IN RE IPR LICENSING, INC.
- Nov 22 2019 |
- Category: CAFC Updates
This case returns to the CAFC after remand to the Patent Trial and Appeal Board (“the Board”). In a previous appeal, the CAFC affirmed the Board’s findings that certain claims of IPR Licensing’s U.S. Patent 8,380,244 (relating to a “subscriber unit,” e.g., a mobile device, that can automatically select the best available wireless network and then connect to it) were obvious based on prior art references cited in ZTE’s petition, but remanded as to claim 8 because the CAFC found insufficient record support for the Board’s determination that claim 8 is invalid as obvious. On remand, the Board again found claim 8 unpatentable. In this appeal, Appellant IPR Licensing argues that the only additional evidence the Board cited in support of its conclusion on remand was not part of the record before the Board, because it was not mentioned in the only ground on which the Board instituted review.

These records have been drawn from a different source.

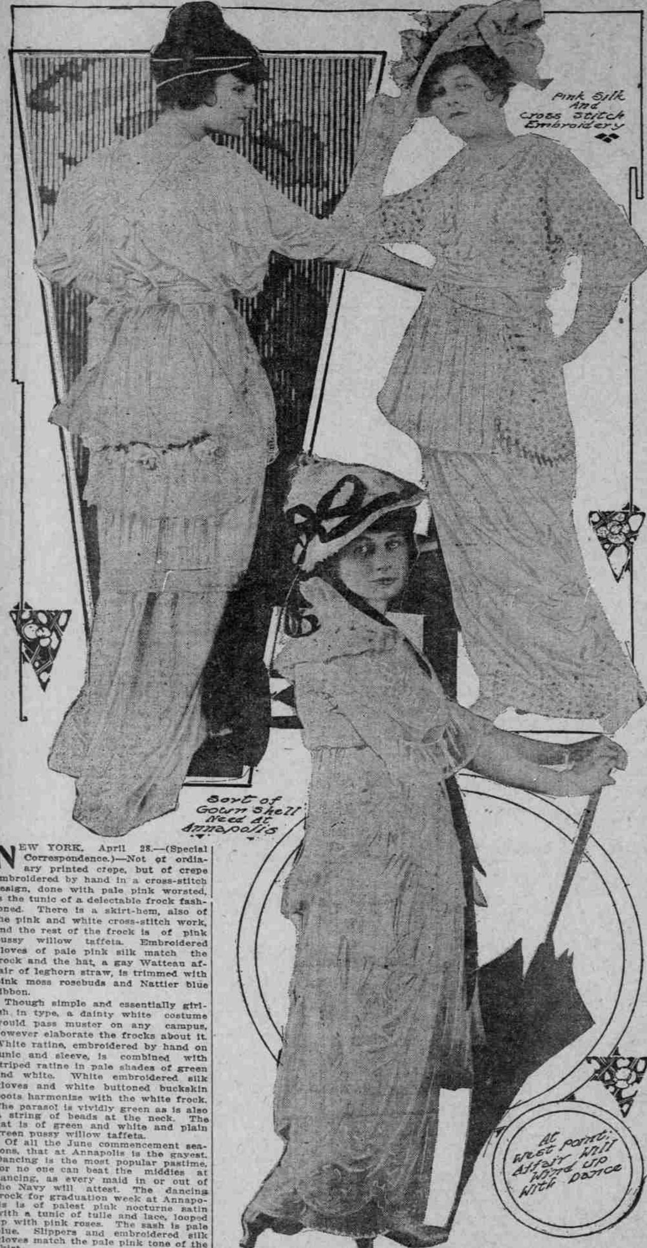
pink silk and cross stitch embroidery

Hand-Embroidered Crepe, in Cross-Stitch Design With Pink Worsted, on Tunic and Skirt Hem, and Pink Pussy Willow Taffeta Material, and Glove and Hat to Match. Makes Stunning Effect—Class Day Gowns Timely.
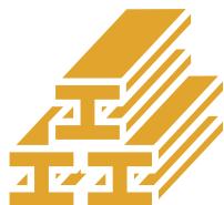
Iron and Steel Manufacturing
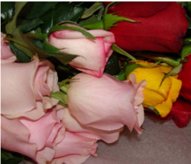
All the pretty women received roses (yes, we're all pretty)
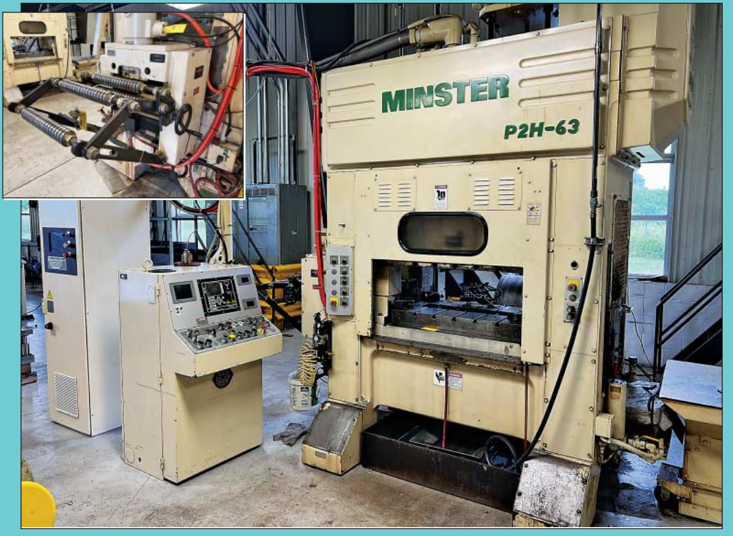
71 Ton Minster Model P2H-63 High Speed SSDC Press w/Vamco Servo Feed
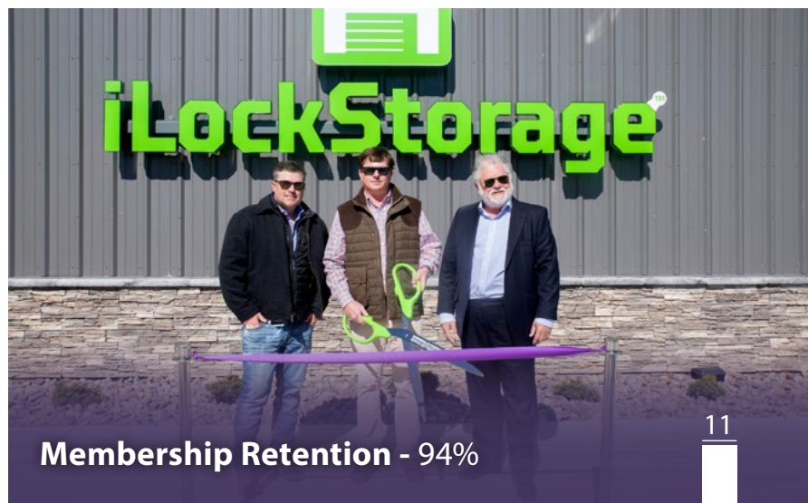
Membership Retention - 94%
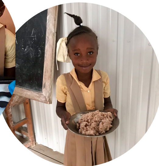
Trinity Hope Feeding
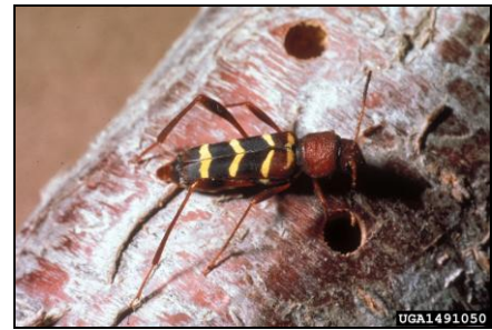
Red Headed Ash Borer
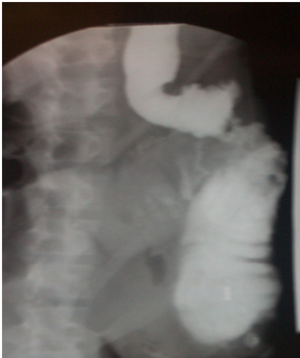
Figure 2 Single contrast enema identifying a stricturing lesion in the left colon.

Subsequent histopathology identified Schistosomiasis haematobium , with ova identified within the submucosa, evidence of fibrosis, and granulomatous colitis with a small localized perforation. Treatment with praziquantel was therefore implemented and the patient made an uneventful recovery.
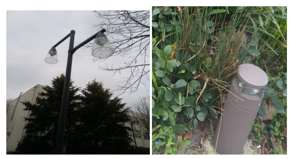
Figure 16. LED Light Bulbs In ITU Campus
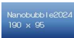
190 x 95 Bannar (Silber & Bronze plan)

(1) Platinum benefits (web advertising banners) Document Size: ~1MB File Format: JPEG/PNG/GIF

The CAFC agrees, noting that the Board cannot rely on evidence relating solely to grounds on which it never instituted the IPR, because to hold otherwise would allow the Board’s final written decision to rest on arguments that a patent owner has no ability to rebut or anticipate. Finding that the Board’s decision to rely on the Draft Universal Mobile Telecommunications System Standards (“UMTS”) to fill the gap in its evidentiary finding was erroneous, the CAFC reverses the Board’s finding of invalidity and vacates that judgment.